Selective internal radiation therapy (SIRT), also known as transarterial radioembolization (TARE), radioembolization or intra-arterial microbrachytherapy is a form of radionuclide therapy used in interventional radiology to treat cancer. It is generally for selected patients with surgically unresectable cancers, especially hepatocellular carcinoma or metastasis to the liver. The treatment involves injecting tiny microspheres of radioactive material into the arteries that supply the tumor, where the spheres lodge in the small vessels of the tumor. Because this treatment combines radiotherapy with embolization, it is also called radioembolization. The chemotherapeutic analogue (combining chemotherapy with embolization) is called chemoembolization, of which transcatheter arterial chemoembolization (TACE) is the usual form.

==Principles==
Radiation therapy is used to kill cancer cells; however, normal cells are also damaged in the process. Currently, therapeutic doses of radiation can be targeted to tumors with great accuracy using linear accelerators in radiation oncology; however, when irradiating using external beam radiotherapy, the beam will always need to travel through healthy tissue, and the normal liver tissue is very sensitive to radiation. The radiation sensitivity of the liver parenchyma limits the radiation dose that can be delivered via external beam radiotherapy. SIRT, on the other hand, involves the direct insertion of radioactive microspheres to a region, resulting in a local and targeted deposition of radioactive dose. It is therefore well-suited for treatment of liver tumors. Due to the local deposition, SIRT is regarded as a type of locoregional therapy (LRT).
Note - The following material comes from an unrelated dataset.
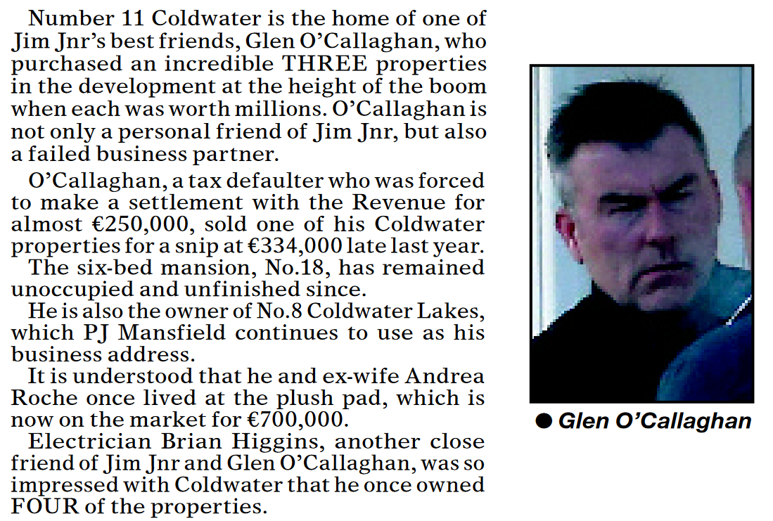 O'Callaghan was sued by Allied Irish Banks in 2010, along with Jim Mansfield Jr (the original owner of 10 Coldwater Lakes) for €6.3 million.

The liver has a dual blood supply system; it receives blood from both the hepatic artery and the portal vein. The healthy liver tissue is mainly perfused by the portal vein, while most liver malignancies derive their blood supply from the hepatic artery. Therefore, locoregional therapies such as transarterial chemoembolization or radioembolization, can selectively be administered in the arteries that are supplying the tumors and will preferentially lead to deposition of the particles in the tumor, while sparing the healthy liver tissue from harmful side effects.

In addition, malignancies (including primary and many metastatic liver cancers) are often hypervascular; tumor blood supplies are increased compared to those of normal tissue, further leading to preferential deposition of particles in the tumors.

SIRT can be performed using several techniques, including whole liver treatment, lobar or segmental approaches. Whole liver SIRT targets the entire liver in one treatment and can be used when the disease is spread throughout the liver. Radiation lobectomy targets one of the two liver lobes and can be a good treatment option when only a single lobe is involved or when treating the whole liver in two separate treatments, one lobe at the time. The segmental approach, also called radiation segmentectomy, is a technique where a high dose of radiation is delivered in one or two Couinaud liver segments only. The high dose results in eradication of the tumor while damage to healthy liver tissue is contained to the targeted segments only. This approach results in effective necrosis of the targeted segments. Segmentectomy is only feasible when the tumor(s) are contained in one or two segments. Which technique is applied is determined by catheter placement. The more distally the catheter is placed, the more localized the technique.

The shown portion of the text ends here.